We look for diversity because experience has shown us that if founders can inspire people radically different from themselves to their cause, it sets them up for success.
It’s easy for a startup needing funds to seek an investment from any and every fund possible, but that’s not always best. What should startup founders look for in a venture fund when seeking funding, and why?
Look at who they have funded.
No one wants to tell a startup no, and VCs will almost always take the meeting, but who they have funded is where they put their money.
Especially if you are an under-represented founder, if the VC has no track record of funding people like you, spare your time.
How do venture funds weigh a startup team’s passion for what it does compared to its ability to execute, and why?
The ability to execute is a learned skill, and usually, passion is the thing that makes you willing to get radically uncomfortable enough to learn it.
You need both.
Scaling a company is an endurance run, not a sprint.
How do venture funds weigh a startup's short-term profitability, and why?
We are not typical in that we value short-term profitability more than most firms.
Having options makes you more fundable, and the world of VC is notoriously biased and fickle.
We encourage our founders to have as many options as possible to grow the company
Positive traction doesn't always mean making tons of money. What types of positive traction do venture funds look for when considering investing in a startup and why?
Any proof of an idea thriving in the real world is positive traction.
This can be many people sharing your product, completing a tough regulatory hurdle, adoption by a name brand, or recruiting a knowledgeable hire; every step in the right direction starts to prove your idea can grow.
Some funds need specific traction to invest at a particular stage, it could be several customers or revenue, but as soon as you can iterate with customers, you’re generally better off to show multiple types of traction faster.
Other
Is there anything else you would like to share?
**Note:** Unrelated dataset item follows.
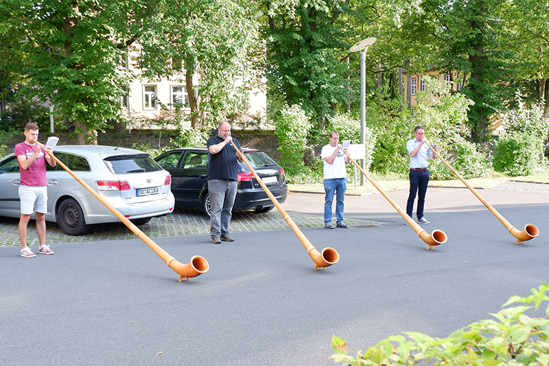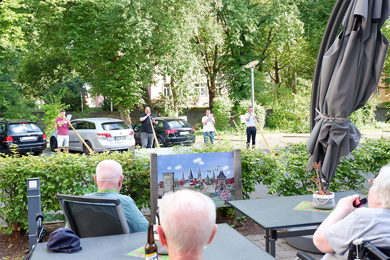 Bei schönstem Sommerwetter haben Mitte August die Alphornys aus Völlinghausen, Möhnesee, den Bewohnerinnen und Bewohnern des Hanse-Zentrums ein Feierabendkonzert bereitet. Das aus Holz gefertigtes Blechbasinstrument ist in der Form eines langen, konischen Rohrs, das am Ende wie ein Kuhhorn gebogen ist und in einen Schallbecher übergeht.

Mendoza Ventures was started with the idea that a woman and a Latino could change the face of venture capital and make a difference. We believe that VC has the potential, when invested responsibly, to create a wealth class in our country that looks like the population of our country. Roughly 80% of our portfolio is invested in the minority, female and immigrant founders. It’s important to note that diversity also makes money! According to a landmark McKinsey study in May of 2020, diverse teams outperform.